Tonight I attended a really cool lecture given by a professor of religion from BYU named Daniel C. Peterson. He is the head of LDS/Islamic translations at BYU. He spoke at the Irvine Stake Center and the Islamic community was invited as well. He spoke on the similarities and differences between Mormonism and Islam, and the Church's view on other faiths. It was amazing. Brother Peterson really knows his stuff and was able to deliver his message in a very respectful manner, while not avoiding the difficult questions at all. He was very entertaining and intelligent, a mix I feel like I don't see too often. Anyway, I learned a lot and it really made me realize that we are all children of God how much we have in common with Muslims. Now obviously there are some major theological differences, but Brother Peterson explained a lot of the beliefs that we share. We worship the same God and they are definitely a very devout group and adhere to many of the same standards that we do. i knew most of that already, but tonight it really sunk in for me.

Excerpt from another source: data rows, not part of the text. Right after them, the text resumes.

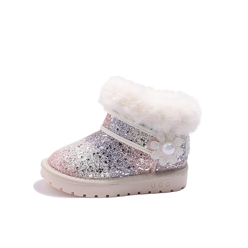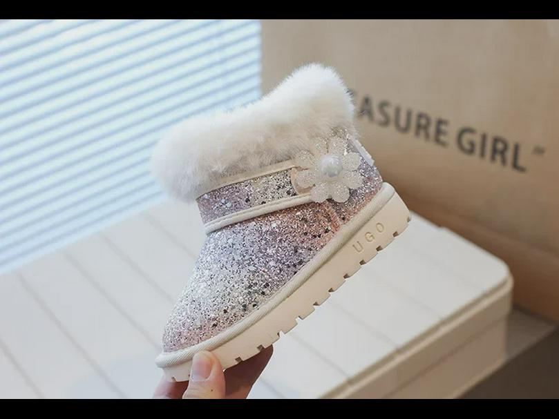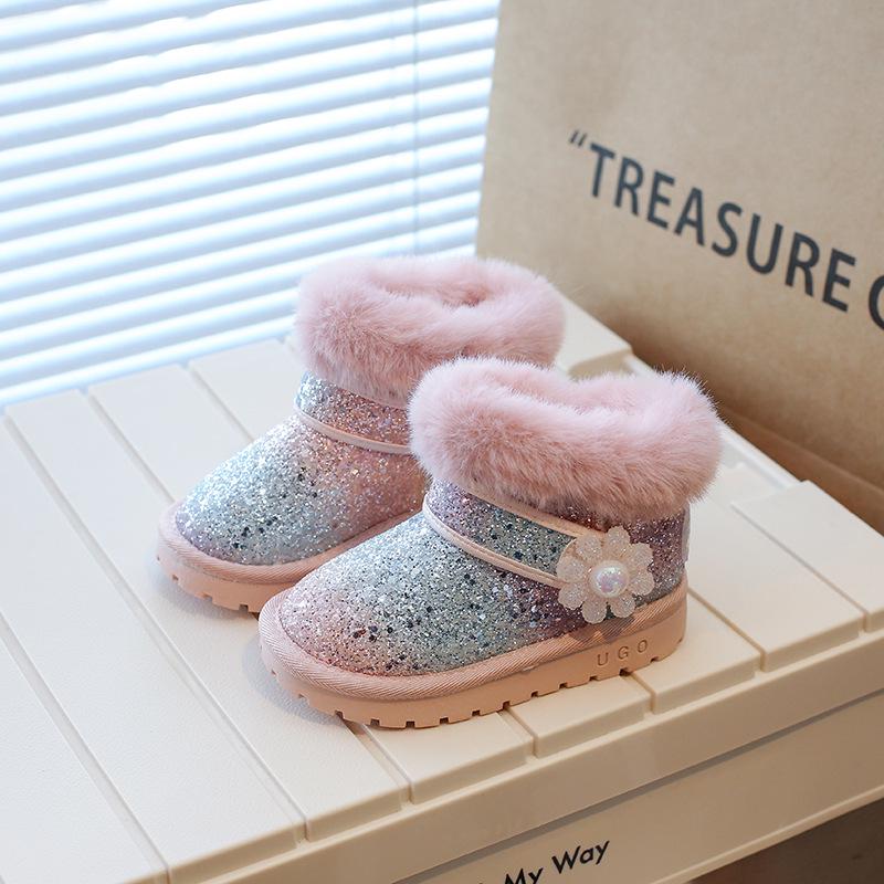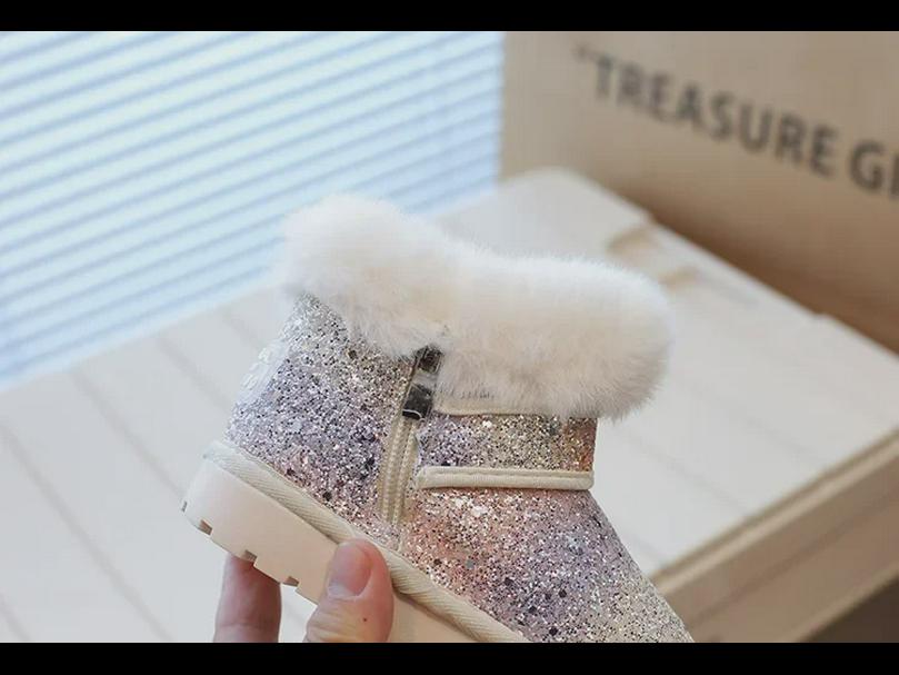 Зимние снегоступы для девочек 2023 года: Новая кожа и мех, плюшевый бархат, большой размер, хлопковый стиль для детей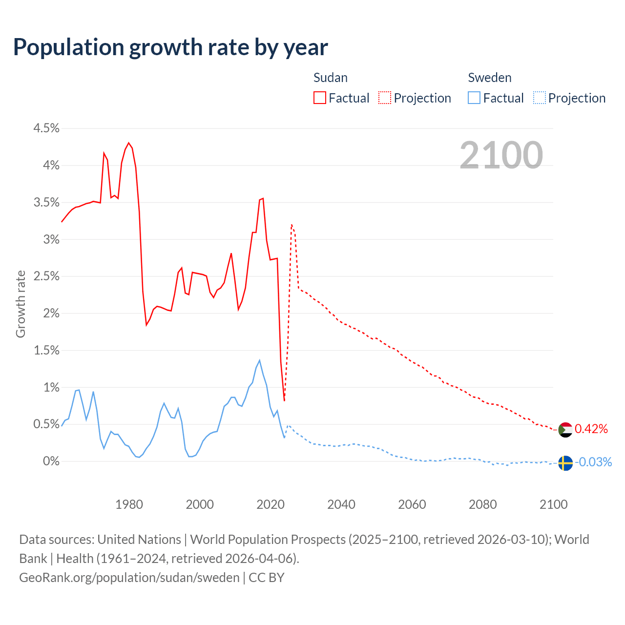 - For the last 10 years, Sudan has had an average growth rate of +2.67% per year vs +0.88% in Sweden.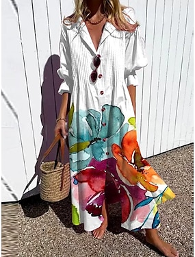 Damen-Hemdkleid, Freizeitkleid, Swing-Kleid, Maxi-Langkleid, Outdoor, Alltag, Date, Mode, modern, Hemdkragen, Knopfdruck, Kurzarm, Sommer, Frühling, lockere Passform, Blumenmuster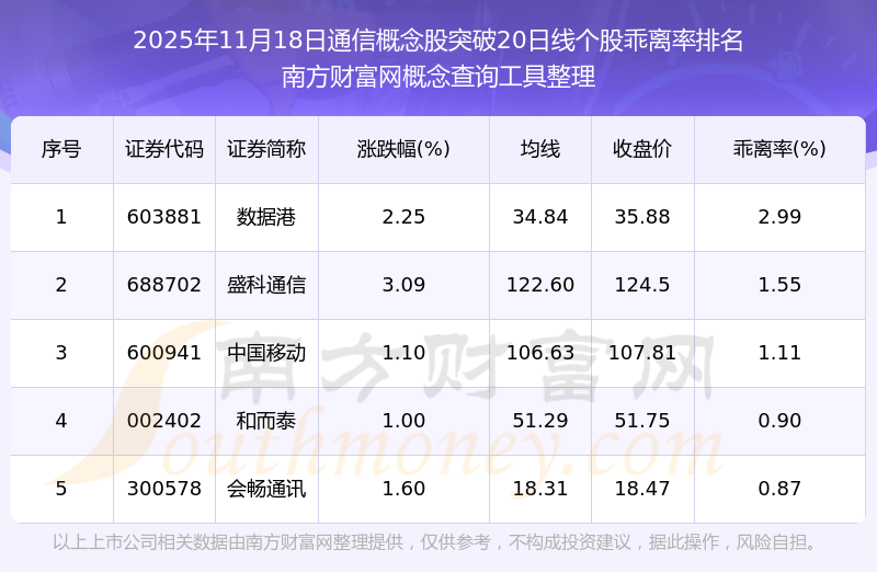 根據(jù)南方財(cái)富網(wǎng)概念查詢工具數(shù)據(jù)統(tǒng)計(jì),截止2025年11月18日收盤,通信概念股共有5只個(gè)股收盤價(jià)向上突破了20日線。其中乖離率較大的個(gè)股有數(shù)據(jù)港、盛科通信、中國移動(dòng)等,乖離率分別為2.99%、1.55%、1.11%。
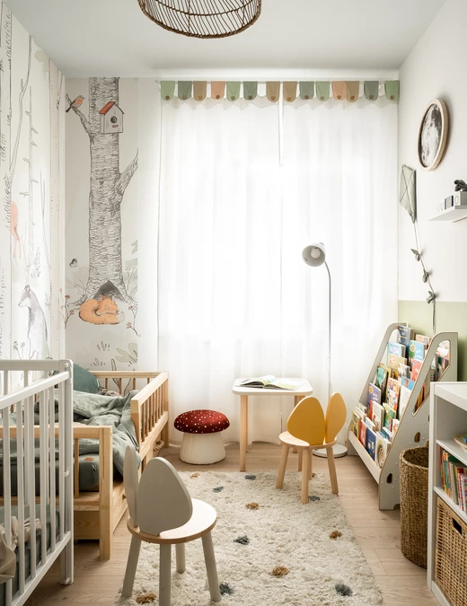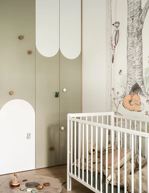Pokój dziecięcy to prawdziwe leśne królestwo! Od tapety, po uchwyty meblowe i dekoracje – wszystko utrzymane jest w motywie przewodnim wnętrza, co jest zasługą inwestorki i mamy najmłodszych domowników. Oprócz łóżeczka i łóżka jest tu też sporo miejsca do zabawy i przechowywania. Zabudowy w pokoju dziecięcym jak i w pozostałych pomieszczeniach wykonała firma Wzór Woodwork.
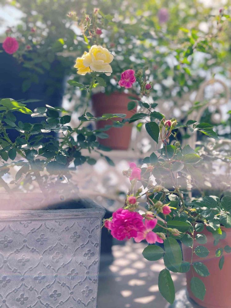 薔薇5年目のベランダガーデナーです☺️ 見事にバラにはまりました🌹🥰 GSでますます欲しい品種が増えてます😁半日影のベランダなのでどうしても花数は少なめ。地植えのようわーっと豪華、とはなりませんが一輪一輪を美しく❗️をモットーにバラを楽しんでいます🤗 最近使っているお気に入りアイテム ●バラの家プレミアム培養土(普通の緑タイプより水もちアップ) ●京成バラ園の土(近所のHCで買える良い土) ●リキダス、ハイポネックス レイシオ を水やり時と葉面散布に使っています ●バラの家の有機肥料→去年からやローズショップの有機肥料にしてみた 月1回だいたい1掴みほど撒いてる ●リッチェルの鉢 定番のグリーン ●デルバールの青い鉢 ●鉄線 枝の調整に曲げて鉢に差したりなにかと使える ●盆栽用の細いワイヤーは誘引が目立たなくてネジネジもしやすくて1番よく使います ●白のラティス お迎えしたいバラ ★ブランピエールドゥロンサール→ずっとほしい ★アミロマンもうひとつ→お迎え済み🎵 ★ルージュピエールドゥロンサール→ボーリングが心配で買えてないけどずっと気になる ★デルバール ダムドゥシュノンソー →ピンク増えすぎで保留 ラドルチェヴィータ ★まそら→ほしい度が急上昇中✨ ★ラマリエ ★ガブリエル→お迎え済み ★リラ ★レイニーブルーもうひとつ‥置けないか🙃 ★香りならペッシュボンボンとクロードモネも ★ヒラヒラ系だとニューウェーブ、ホリデーアイランドピオニー ★おしゃれ系?ソニアリキエル、ジュビリーセレブレーション ★河本さんだとシャルム、リアンローズ 最近ほしいリストにコンフィチュール、ブルームーンストーン クリスティアーナ、パシュミナも加わりました_φ(・_・

It was also interesting to realize how much our histories are similar as far as being persecuted and how we are perceived in the United States. Afterwards I got to talk to a member of the Muslim congregation and I gained a new respect for them. I never felt any sort of hatred for Muslims in general, and definitely knew that Osama bin Laden does not represent Islam very well; but alas, Islam is new to America and unfortunately we as Americans view them as foreign and sometimes with suspicion. I guess it will take a while to dispel those myths. I imagine it is similar to how people view Latter-day Saints with suspicion; but once they meet a Latter-day Saint, they view us differently. It was a great experience and refreshing to see how mush we have in common, especially with all of the focus on differences today. It was nice to recognize that we are all people, children of our God and that we have so much in common.
Anyway, besides that I didn't do much today. I studied for the CPA exam and ran a few errands, but I found myself not wanting to do much. I really wanted to call Kaitlyn, but part of me did not want to. I can't describe it, but I just needed to be alone today and think. Dave is in Australia right now and Jared was gone all day. I needed to think today. I think I might be suffering from depression right now. All of my siblings definitely are diagnosed and known to have issues regarding depression, but I guess I always liked to think that I was immune to all of that. In reality, I think I might need to seek some professional help. I find myself not being able to cope with everything right now. I think part of my issue may be stemming from Tim's death. It really has hit me hard and made me reflect on my life in a way I never have before. Nobody around me knew Tim and I just with I could talk to somebody that would understand why I am so sad. That plus a stressful few days at work, worrying about the CPA exam, realizing that I will be spending Christmas alone here in Orange County, and really feeling like I have no friends is just piling up on top of me. But at the same time, I think that some of this is good for me. I feel like I need to be humbled so that I will be willing to accept God's will in my life. I feel like a big change is headed my way and I need to be ready for it. Who knows if I will be ready for it.
Yesterday at work, I got so frustrated and while at work I wrote the nastiest blog I could ever imagine. I was so frustrated with the way work was going and cannot imagine working at this client again. Unfortunately, I know that I will be back there in January for 2 VERY long weeks. Luckily, I did not publish the posting, though I still have it saved. The person that wrote that blog yesterday needs to move on. Yesterday at work was evidence that I still have a long way to go before I am the person I want to be. I have no patience for stupidity. That sounds so mean, but I don't know how else to say it. Anyway, hopefully I don't have too many more days like that, or my career at PwC will be a lot shorter lived than I ever imagined.